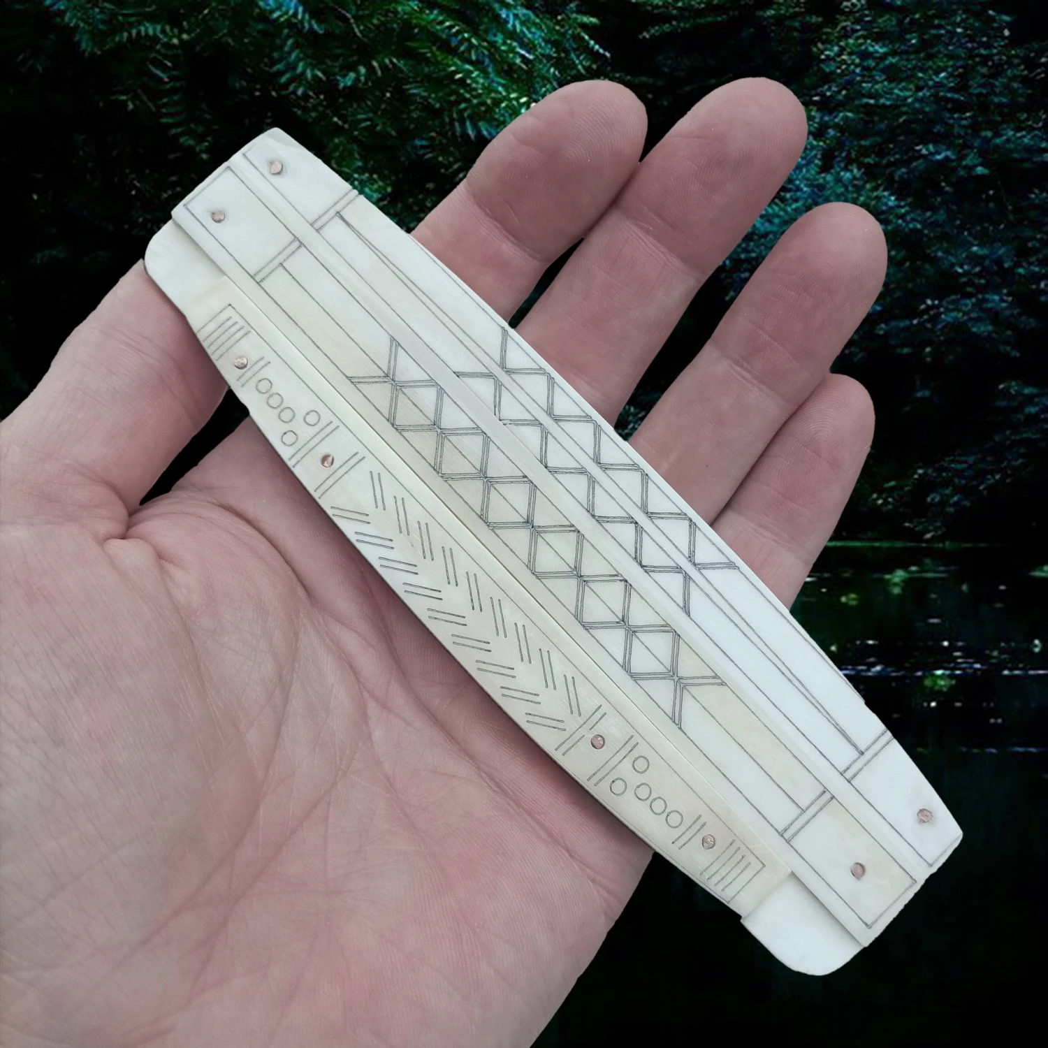 – Front and back bone pieces are covered in hand-carved Viking dot and ring design.
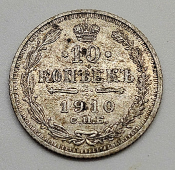 Rusko 10 Kopějka 1910, Ag 500/1000, 1,8g
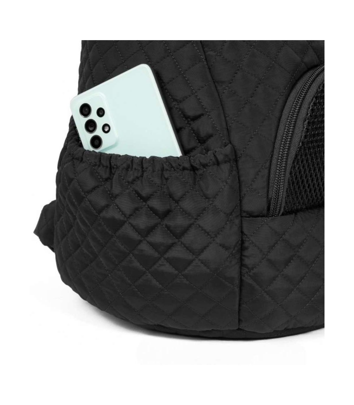 It features two exterior side pockets to store their things (treats, bags, toys...) or yours.
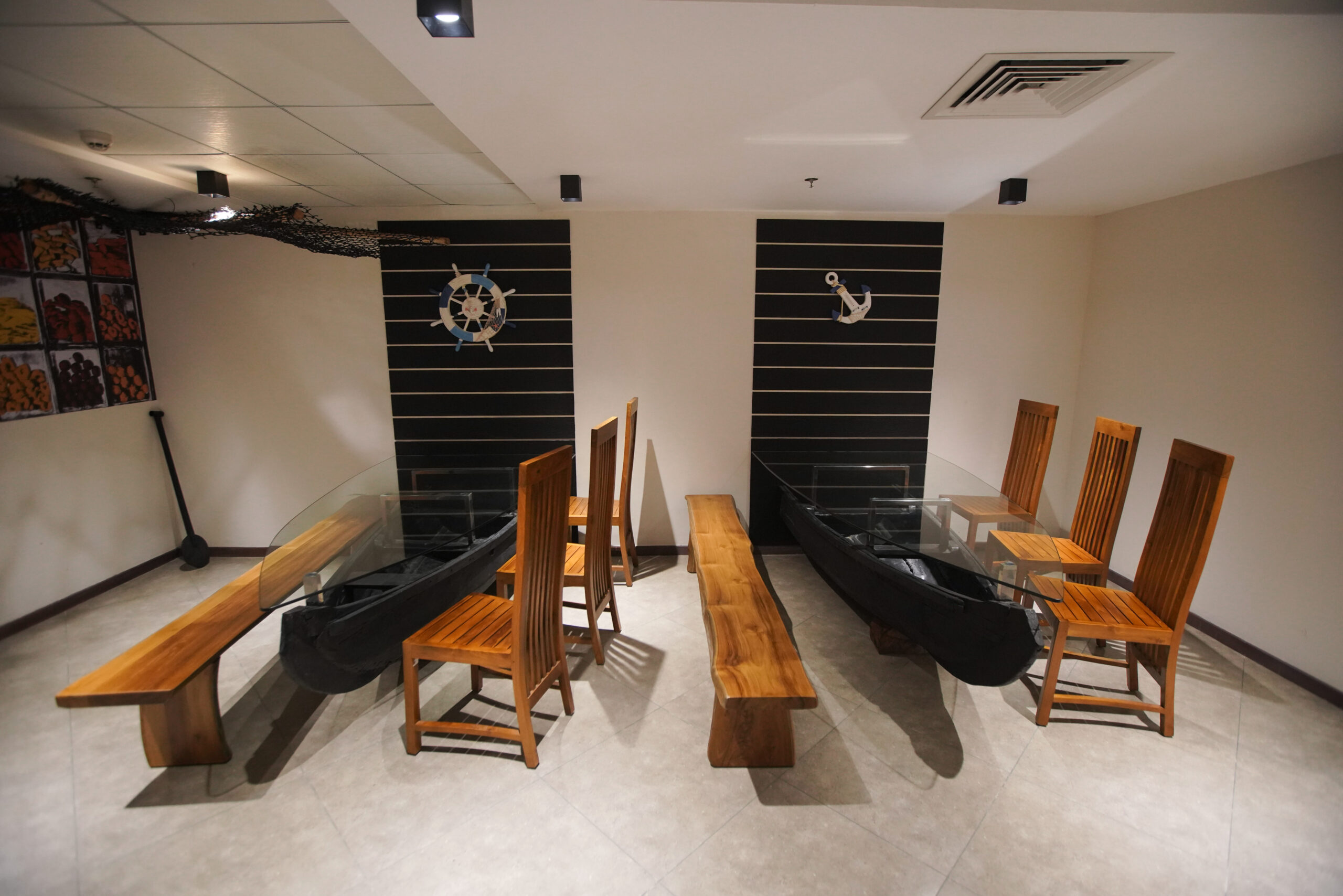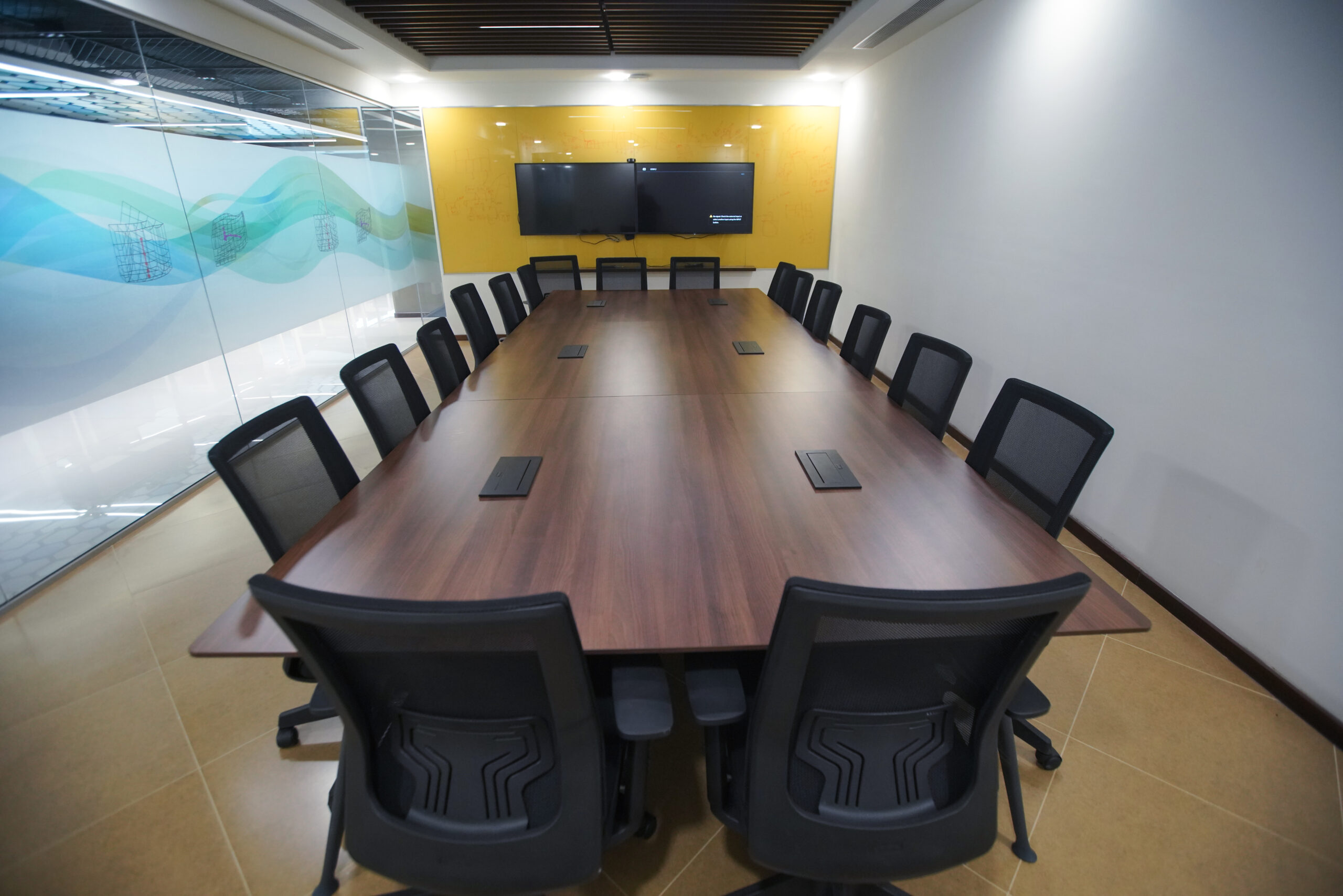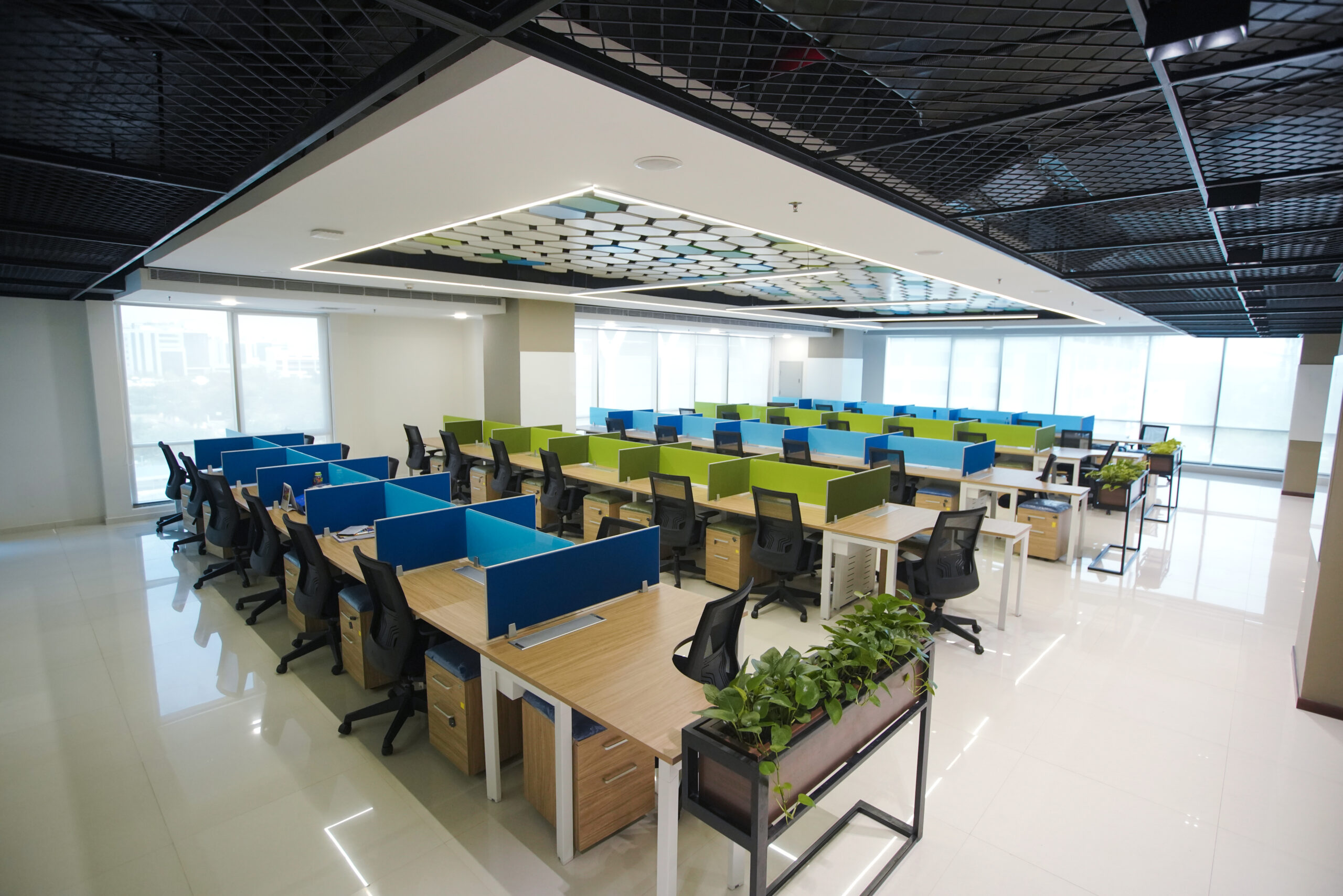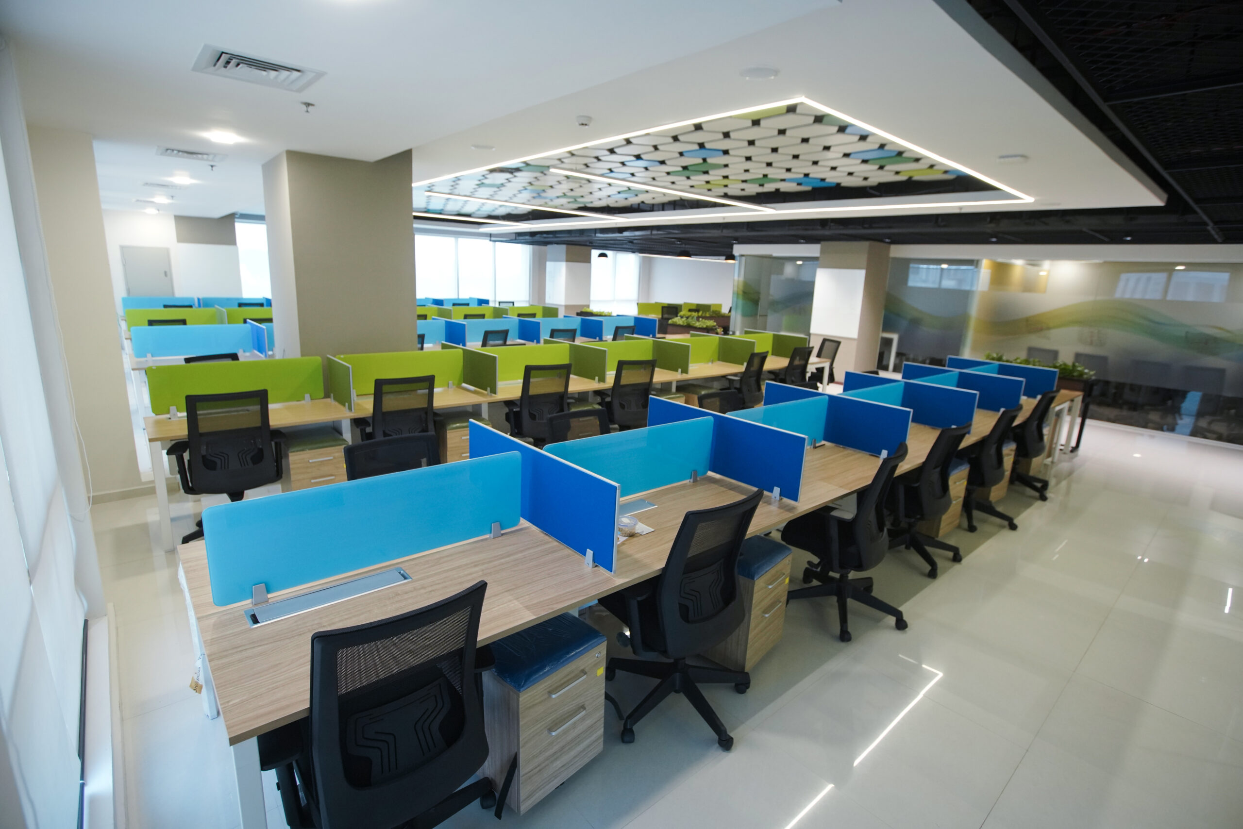 We designed INERG’s corporate office to embody flow, movement, and collaboration. The minimalistic reception features exquisite furniture and a sculptural fin-clad countertop, echoing fluidity. A dynamic baffle ceiling mimics waves, enhancing spatial rhythm. The workstation area integrates biophilic elements, with planter boxes and a hexagonal ceiling resembling a honeycomb—symbolizing unity. Custom in-house furniture fabrication ensures seamless integration. The conference room boasts high-tech support for global meetings. A Kerala-inspired pantry, with tea stall-themed graphics and cargo boat-inspired furniture, adds local character. The cohesive color palette, balancing blues, greens, wood, and white, reinforces harmony and productivity in this meticulously curated workspace.
——
Try it -
Lines from the start of the listing above through the line holding "It features two" are to be duplicated exactly, and nothing more; leave out the pictures.

Solution below -
 – Front and back bone pieces are covered in hand-carved Viking dot and ring design.
 Rusko 10 Kopějka 1910, Ag 500/1000, 1,8g
 It features two exterior side pockets to store their things (treats, bags, toys...) or yours.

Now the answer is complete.